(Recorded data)
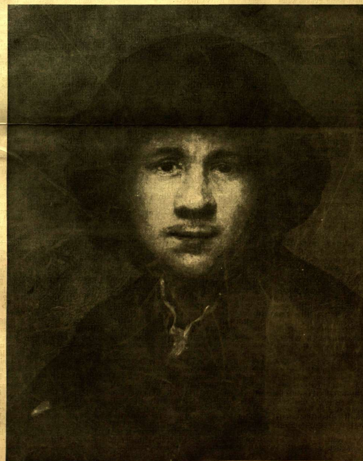
Rembrandt: Önarckép 1630-ból.

Külföldi előfizetésekhez a postallag megállapított viteldíj is csatolandó.
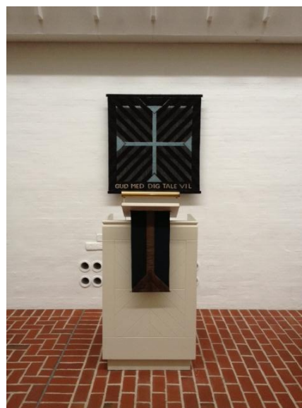
Prædikestolen i Gjesing kirke

prædikestolen ofte en læsepult, der står direkte på gulvet.
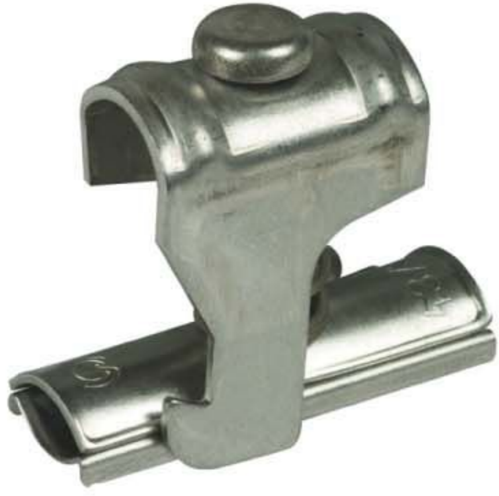
Оригинал может отличаться от изображения
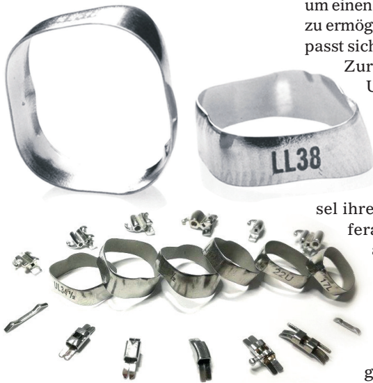
Ab sofort können KFO-Praxen den Bänderaltbestand-Vermessungsservice von Adenta nutzen und schnell und unkompliziert auf deren in Deutschland gefertigte Qualitätsbänder umsteigen.

Haben wir Sie neugierig gemacht? Dann bewerben Sie sich jetzt online unter www.3m.de/Karriere // Kennung: R00931093
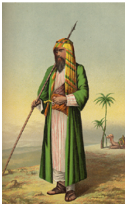
Pèlerinage à La Mecque: Burton déguisé en Mirza Abdullah

De là il va entreprendre à nouveau plusieurs expéditions: une au Gabon pour étudier nos cousins les Gorilles dont on ne sait pas grand'chose à l'époque, une autre chez les Fang célèbres pour leur cannibalisme et deux autres chez le plus sanguinaire de tous les souverains de l'Afrique, le Roi du Dahomey (voir n° 1561-62 A Mission to Gelele, King of Dahome, with notices of the so-called Amazons, the Grand Customs, the Yearly Customs, the human sacrifices, the present state of the slave trade, and the negro's place in nature, by Captain Sir Richard F. Burton, edited by his wife Isabel Burton, memorial Edition, Tylston and Edwards, Londres, 1893 ).

● **TASK DETAILS**: Each record has to be set down verbatim, and the pictures must not appear in the copy.

● **YOUR RESPONSE**:
Rembrandt: Önarckép 1630-ból.

Külföldi előfizetésekhez a postallag megállapított viteldíj is csatolandó.
Prædikestolen i Gjesing kirke

prædikestolen ofte en læsepult, der står direkte på gulvet.
Оригинал может отличаться от изображения
Ab sofort können KFO-Praxen den Bänderaltbestand-Vermessungsservice von Adenta nutzen und schnell und unkompliziert auf deren in Deutschland gefertigte Qualitätsbänder umsteigen.

Haben wir Sie neugierig gemacht? Dann bewerben Sie sich jetzt online unter www.3m.de/Karriere // Kennung: R00931093
Pèlerinage à La Mecque: Burton déguisé en Mirza Abdullah

De là il va entreprendre à nouveau plusieurs expéditions: une au Gabon pour étudier nos cousins les Gorilles dont on ne sait pas grand'chose à l'époque, une autre chez les Fang célèbres pour leur cannibalisme et deux autres chez le plus sanguinaire de tous les souverains de l'Afrique, le Roi du Dahomey (voir n° 1561-62 A Mission to Gelele, King of Dahome, with notices of the so-called Amazons, the Grand Customs, the Yearly Customs, the human sacrifices, the present state of the slave trade, and the negro's place in nature, by Captain Sir Richard F. Burton, edited by his wife Isabel Burton, memorial Edition, Tylston and Edwards, Londres, 1893 ).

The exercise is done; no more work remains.